Unless you use Incremental State Transfer, as you bring each node back online after an upgrade, it initiates a full State Snapshot Transfer, which can take a long time to process on larger databases and slower state transfer methods.

During the State Snapshot Transfer, the node continues to accumulate catch-up in the replication event queue, which it will then have to replay to synchronize with the cluster. At the same time, the cluster is operational and continues to add further replication events to the queue.

Blocking Nodes When the node comes back online, if you use mysqldump for State Snapshot Transfers, the donor node remains blocked for the duration of the transfer. In practice, this means that the cluster is short two nodes for the duration of the state transfer, one for the donor node and one for the node in catch-up.

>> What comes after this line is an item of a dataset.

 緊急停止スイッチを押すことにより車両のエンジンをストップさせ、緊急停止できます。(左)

Using xtrabackup or rsync with the LVM state transfer methods, you can avoid blocking the donor, but doing so may slow the donor node down.

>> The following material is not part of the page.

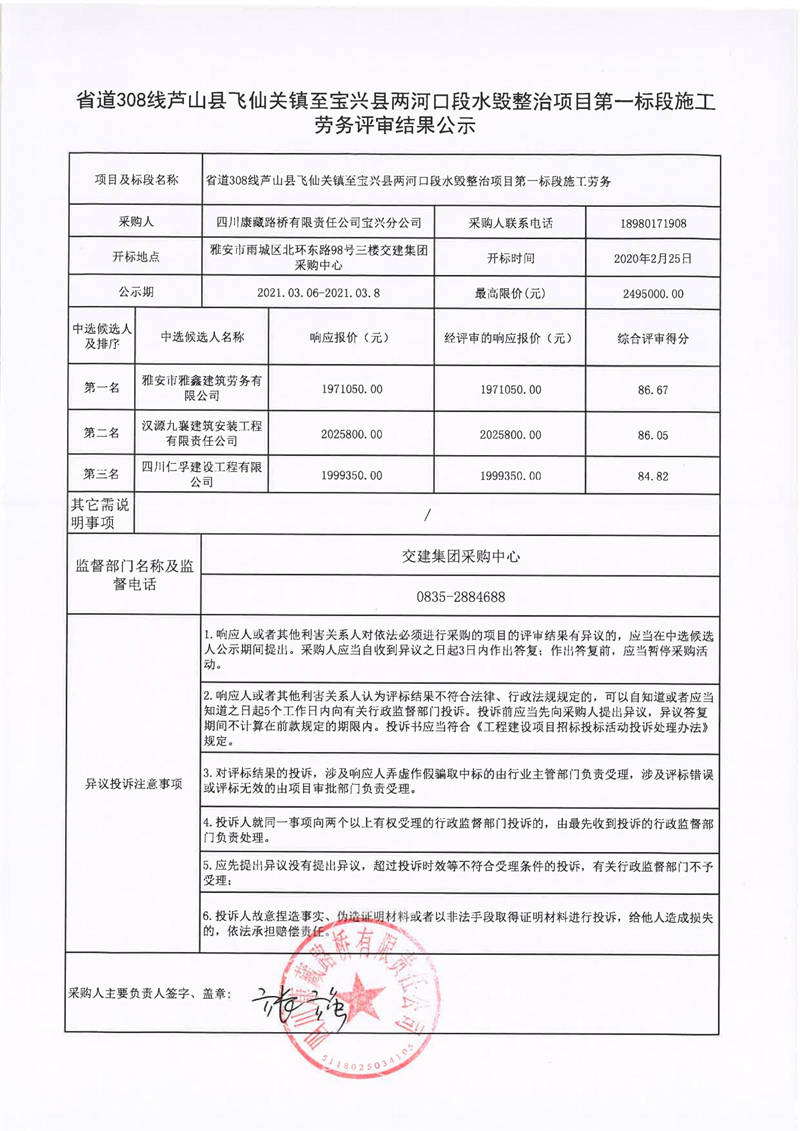 四川康藏路橋有限責任公司寶興分公司省道308線蘆山縣飛仙關(guān)鎮(zhèn)至寶興縣兩河口段水毀整治項目第一標段施工勞務(wù)評審結(jié)果公示

Depending on the load balancing mechanism, you may have to configure the load balancer not to direct requests at joining and donating nodes.

Cluster Availability Taking down nodes for a rolling upgrade can greatly diminish cluster performance or availability, such as if there are too few nodes in the cluster to begin with or where the cluster is operating at its maximum capacity.

In such cases, losing access to two nodes during a rolling upgrade can create situations where the cluster can no longer serve all requests made of it or where the execution times of each request increase to the point where services become less available.

Cluster Performance Each node you bring up after an upgrade, diminishes cluster performance until the node buffer pool warms back up. Parallel applying can help with this.

Rolling Upgrade Procedure

Assuming you’ve read and considered the above, below are the steps for upgrading each node in a cluster—one at a time. This procedure, though, is for minor upgrades, not major upgrades. For those, see the next section.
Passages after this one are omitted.